→ **STORED DATA**
◇ ◇ ◇ ◇

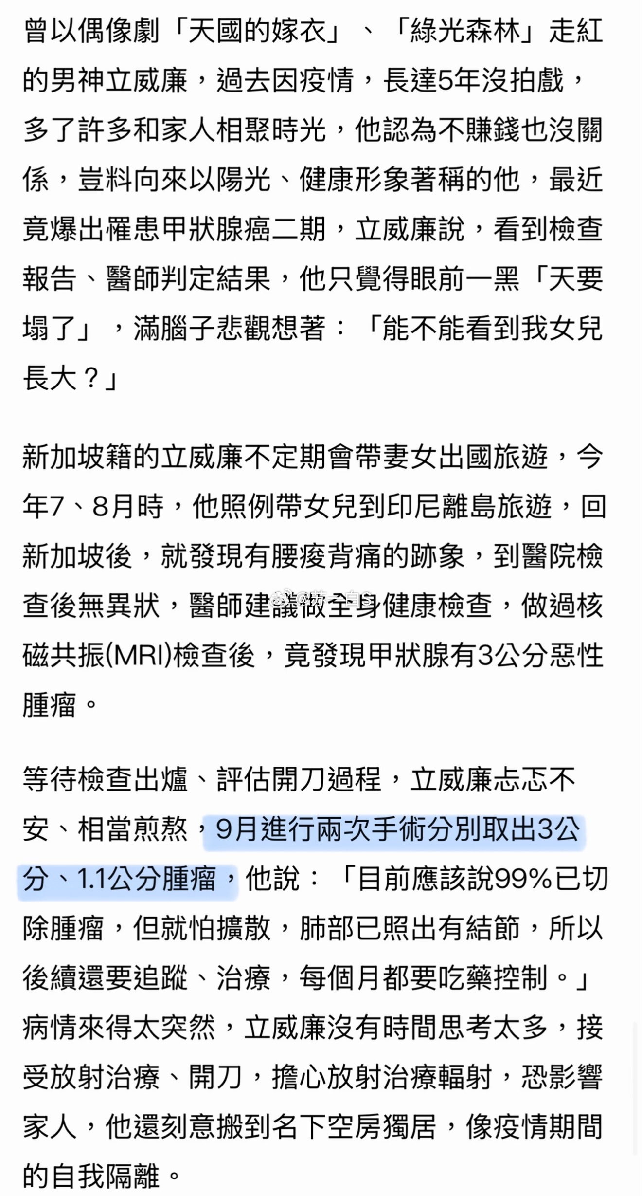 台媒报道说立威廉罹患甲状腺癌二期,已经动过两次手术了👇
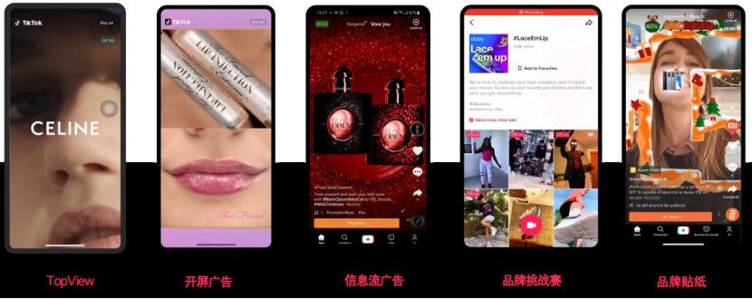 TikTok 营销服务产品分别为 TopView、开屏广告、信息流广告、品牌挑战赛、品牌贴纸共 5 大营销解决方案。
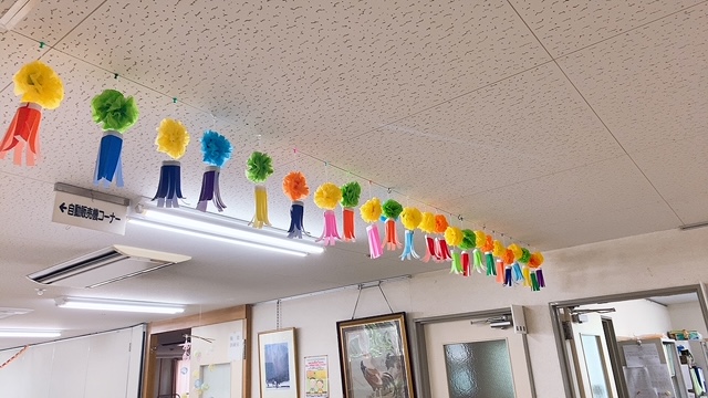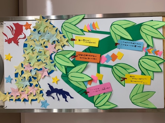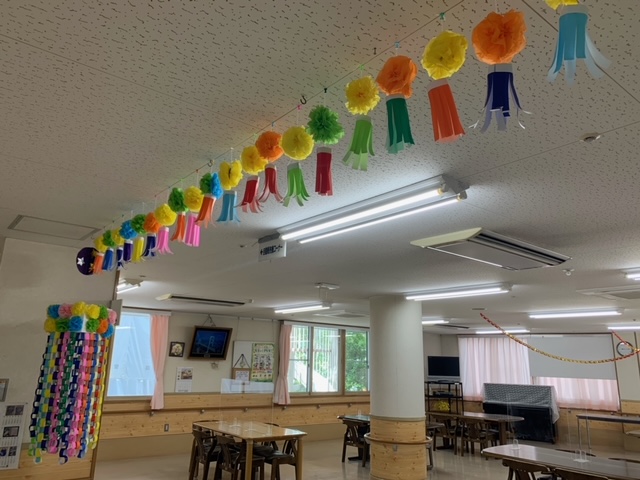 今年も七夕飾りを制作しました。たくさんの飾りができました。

◇ ◇ ◇ ◇

→ **EXERCISE GOAL**
Print the material again, unchanged, without its pictures.

→ **PROBLEM SOLUTION**
 台媒报道说立威廉罹患甲状腺癌二期,已经动过两次手术了👇
 TikTok 营销服务产品分别为 TopView、开屏广告、信息流广告、品牌挑战赛、品牌贴纸共 5 大营销解决方案。
 今年も七夕飾りを制作しました。たくさんの飾りができました。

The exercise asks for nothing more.